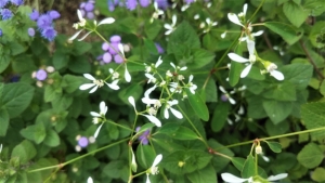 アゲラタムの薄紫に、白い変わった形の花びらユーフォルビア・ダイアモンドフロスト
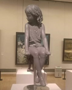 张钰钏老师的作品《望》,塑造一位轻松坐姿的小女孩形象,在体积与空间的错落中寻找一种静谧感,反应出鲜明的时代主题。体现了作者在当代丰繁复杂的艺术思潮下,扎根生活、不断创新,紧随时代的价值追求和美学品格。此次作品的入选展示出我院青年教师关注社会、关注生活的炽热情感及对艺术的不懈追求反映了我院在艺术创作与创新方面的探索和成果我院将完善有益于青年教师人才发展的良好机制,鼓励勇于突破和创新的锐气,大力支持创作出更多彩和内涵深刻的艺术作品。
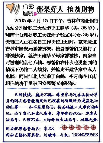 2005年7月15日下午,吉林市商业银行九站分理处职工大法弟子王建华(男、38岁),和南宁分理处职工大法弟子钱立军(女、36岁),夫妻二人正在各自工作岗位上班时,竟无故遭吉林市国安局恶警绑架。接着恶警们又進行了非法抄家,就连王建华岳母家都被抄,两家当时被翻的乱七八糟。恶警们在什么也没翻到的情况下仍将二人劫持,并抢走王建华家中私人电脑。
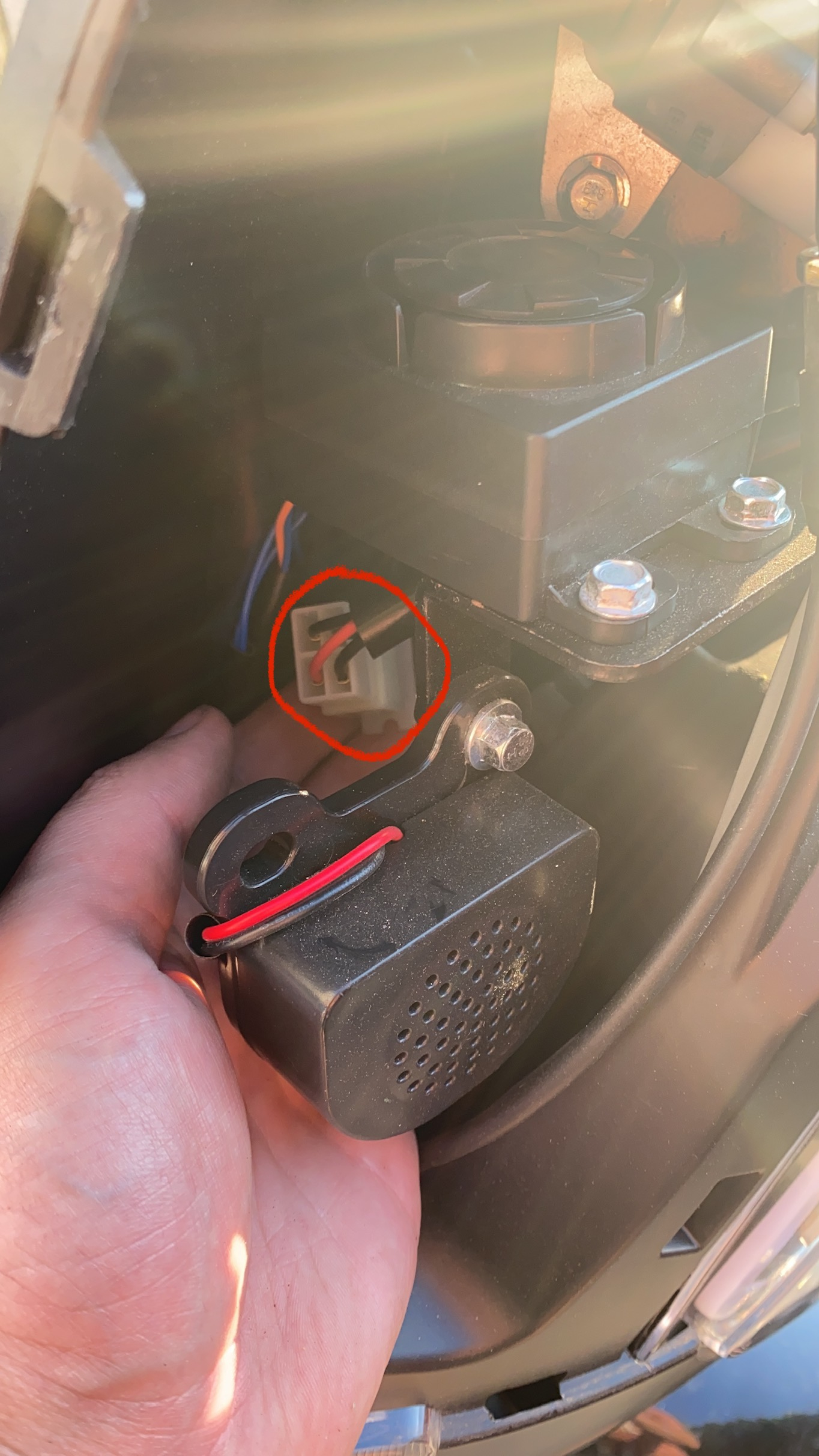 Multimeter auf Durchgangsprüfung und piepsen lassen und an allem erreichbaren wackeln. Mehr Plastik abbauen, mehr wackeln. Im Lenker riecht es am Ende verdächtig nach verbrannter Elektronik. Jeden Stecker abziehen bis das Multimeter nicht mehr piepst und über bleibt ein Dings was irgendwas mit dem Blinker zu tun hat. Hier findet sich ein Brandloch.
--------
▶ [What the exercise asks]:
Transcribe the whole listing exactly. Pictures stay out of your copy.

▶ [Final answer]:
 アゲラタムの薄紫に、白い変わった形の花びらユーフォルビア・ダイアモンドフロスト
 张钰钏老师的作品《望》,塑造一位轻松坐姿的小女孩形象,在体积与空间的错落中寻找一种静谧感,反应出鲜明的时代主题。体现了作者在当代丰繁复杂的艺术思潮下,扎根生活、不断创新,紧随时代的价值追求和美学品格。此次作品的入选展示出我院青年教师关注社会、关注生活的炽热情感及对艺术的不懈追求反映了我院在艺术创作与创新方面的探索和成果我院将完善有益于青年教师人才发展的良好机制,鼓励勇于突破和创新的锐气,大力支持创作出更多彩和内涵深刻的艺术作品。
 2005年7月15日下午,吉林市商业银行九站分理处职工大法弟子王建华(男、38岁),和南宁分理处职工大法弟子钱立军(女、36岁),夫妻二人正在各自工作岗位上班时,竟无故遭吉林市国安局恶警绑架。接着恶警们又進行了非法抄家,就连王建华岳母家都被抄,两家当时被翻的乱七八糟。恶警们在什么也没翻到的情况下仍将二人劫持,并抢走王建华家中私人电脑。
 Multimeter auf Durchgangsprüfung und piepsen lassen und an allem erreichbaren wackeln. Mehr Plastik abbauen, mehr wackeln. Im Lenker riecht es am Ende verdächtig nach verbrannter Elektronik. Jeden Stecker abziehen bis das Multimeter nicht mehr piepst und über bleibt ein Dings was irgendwas mit dem Blinker zu tun hat. Hier findet sich ein Brandloch.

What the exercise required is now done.